* [WORK REQUIRED]: Retype each record exactly; no pictures.

* [DATASET EXCERPTS]:
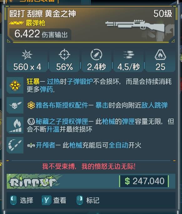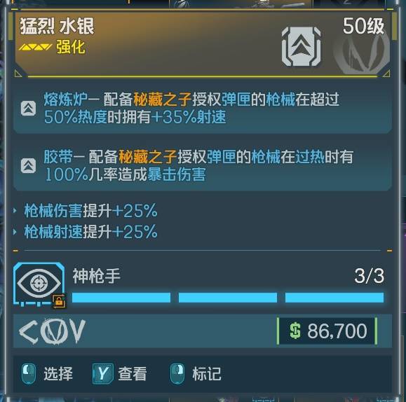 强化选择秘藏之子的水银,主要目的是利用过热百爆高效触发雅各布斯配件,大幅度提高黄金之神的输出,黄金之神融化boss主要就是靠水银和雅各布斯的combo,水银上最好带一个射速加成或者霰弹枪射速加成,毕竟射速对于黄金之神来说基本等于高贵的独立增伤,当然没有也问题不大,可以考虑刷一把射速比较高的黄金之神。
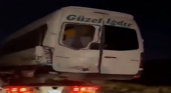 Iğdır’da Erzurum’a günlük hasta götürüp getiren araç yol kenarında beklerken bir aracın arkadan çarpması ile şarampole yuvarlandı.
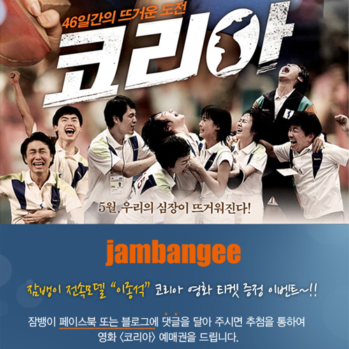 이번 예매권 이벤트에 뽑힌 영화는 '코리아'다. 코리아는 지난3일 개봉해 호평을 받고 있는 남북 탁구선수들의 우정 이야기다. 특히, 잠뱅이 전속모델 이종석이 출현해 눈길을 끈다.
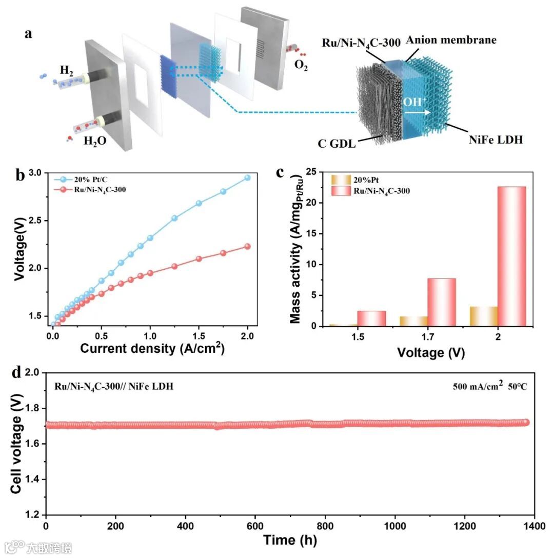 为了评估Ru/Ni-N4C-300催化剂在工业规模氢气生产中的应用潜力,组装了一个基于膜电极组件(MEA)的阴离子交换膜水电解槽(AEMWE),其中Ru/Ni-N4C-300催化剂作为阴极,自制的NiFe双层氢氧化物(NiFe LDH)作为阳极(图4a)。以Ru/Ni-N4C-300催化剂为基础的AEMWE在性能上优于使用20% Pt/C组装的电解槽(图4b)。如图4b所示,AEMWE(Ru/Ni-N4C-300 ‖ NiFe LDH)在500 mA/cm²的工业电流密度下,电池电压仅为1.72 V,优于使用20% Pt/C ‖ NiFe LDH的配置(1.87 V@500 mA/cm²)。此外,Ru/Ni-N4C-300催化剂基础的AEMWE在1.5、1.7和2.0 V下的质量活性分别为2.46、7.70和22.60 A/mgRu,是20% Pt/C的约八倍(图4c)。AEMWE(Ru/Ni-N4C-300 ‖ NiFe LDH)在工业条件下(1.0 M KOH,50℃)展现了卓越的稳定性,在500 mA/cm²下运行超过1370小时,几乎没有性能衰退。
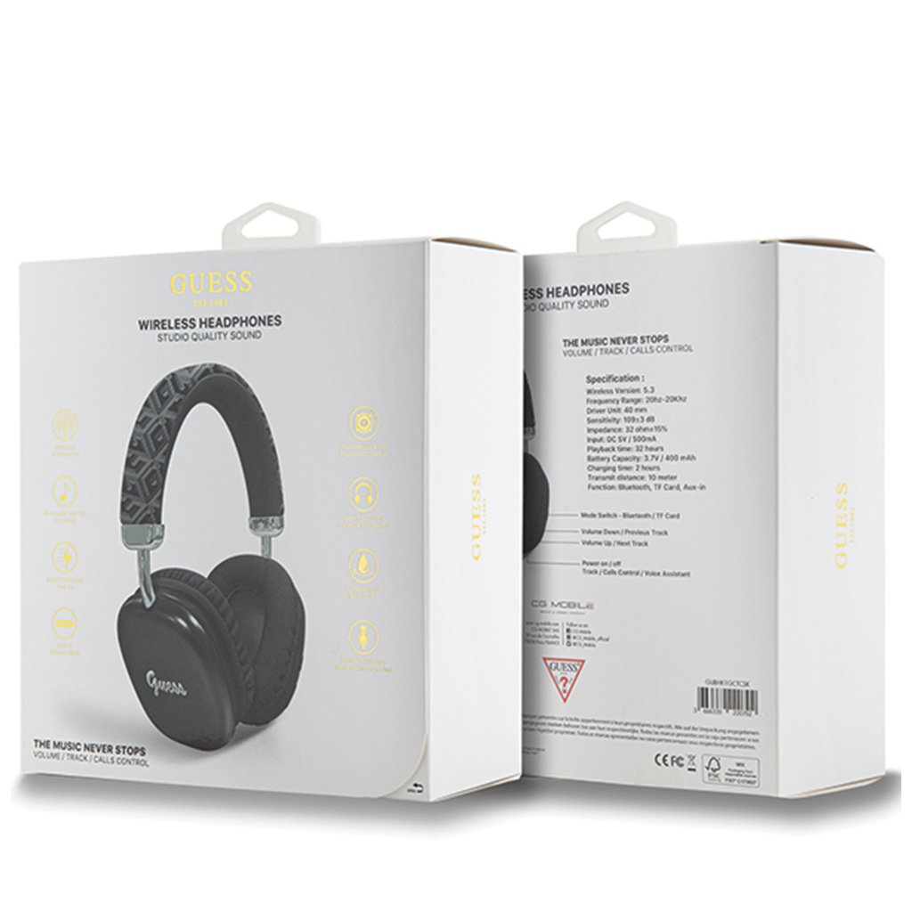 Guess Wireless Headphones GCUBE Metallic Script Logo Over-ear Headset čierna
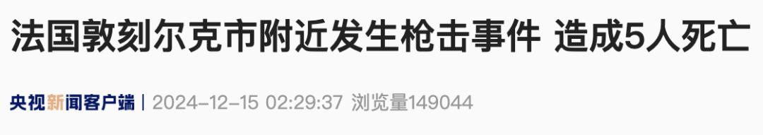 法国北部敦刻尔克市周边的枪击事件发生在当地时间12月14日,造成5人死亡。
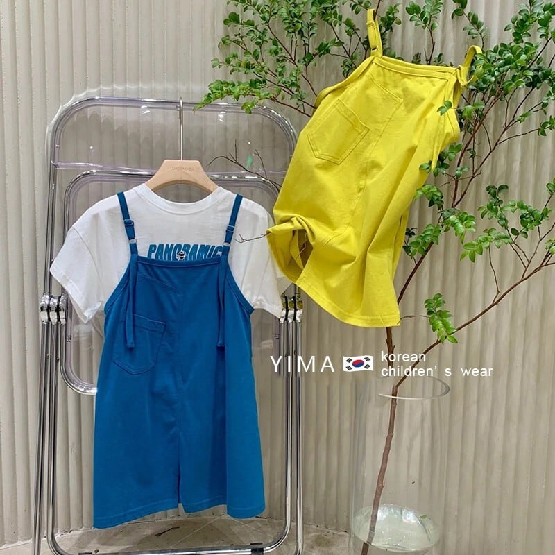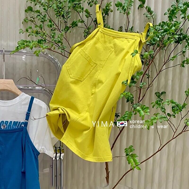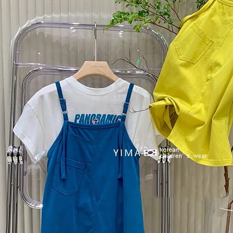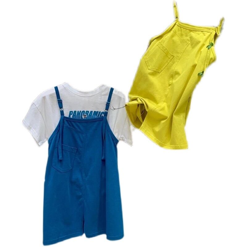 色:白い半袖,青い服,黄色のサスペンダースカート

* [TASK RESPONSE]:
 强化选择秘藏之子的水银,主要目的是利用过热百爆高效触发雅各布斯配件,大幅度提高黄金之神的输出,黄金之神融化boss主要就是靠水银和雅各布斯的combo,水银上最好带一个射速加成或者霰弹枪射速加成,毕竟射速对于黄金之神来说基本等于高贵的独立增伤,当然没有也问题不大,可以考虑刷一把射速比较高的黄金之神。
 Iğdır’da Erzurum’a günlük hasta götürüp getiren araç yol kenarında beklerken bir aracın arkadan çarpması ile şarampole yuvarlandı.
 이번 예매권 이벤트에 뽑힌 영화는 '코리아'다. 코리아는 지난3일 개봉해 호평을 받고 있는 남북 탁구선수들의 우정 이야기다. 특히, 잠뱅이 전속모델 이종석이 출현해 눈길을 끈다.
 为了评估Ru/Ni-N4C-300催化剂在工业规模氢气生产中的应用潜力,组装了一个基于膜电极组件(MEA)的阴离子交换膜水电解槽(AEMWE),其中Ru/Ni-N4C-300催化剂作为阴极,自制的NiFe双层氢氧化物(NiFe LDH)作为阳极(图4a)。以Ru/Ni-N4C-300催化剂为基础的AEMWE在性能上优于使用20% Pt/C组装的电解槽(图4b)。如图4b所示,AEMWE(Ru/Ni-N4C-300 ‖ NiFe LDH)在500 mA/cm²的工业电流密度下,电池电压仅为1.72 V,优于使用20% Pt/C ‖ NiFe LDH的配置(1.87 V@500 mA/cm²)。此外,Ru/Ni-N4C-300催化剂基础的AEMWE在1.5、1.7和2.0 V下的质量活性分别为2.46、7.70和22.60 A/mgRu,是20% Pt/C的约八倍(图4c)。AEMWE(Ru/Ni-N4C-300 ‖ NiFe LDH)在工业条件下(1.0 M KOH,50℃)展现了卓越的稳定性,在500 mA/cm²下运行超过1370小时,几乎没有性能衰退。
 Guess Wireless Headphones GCUBE Metallic Script Logo Over-ear Headset čierna
 法国北部敦刻尔克市周边的枪击事件发生在当地时间12月14日,造成5人死亡。
 色:白い半袖,青い服,黄色のサスペンダースカート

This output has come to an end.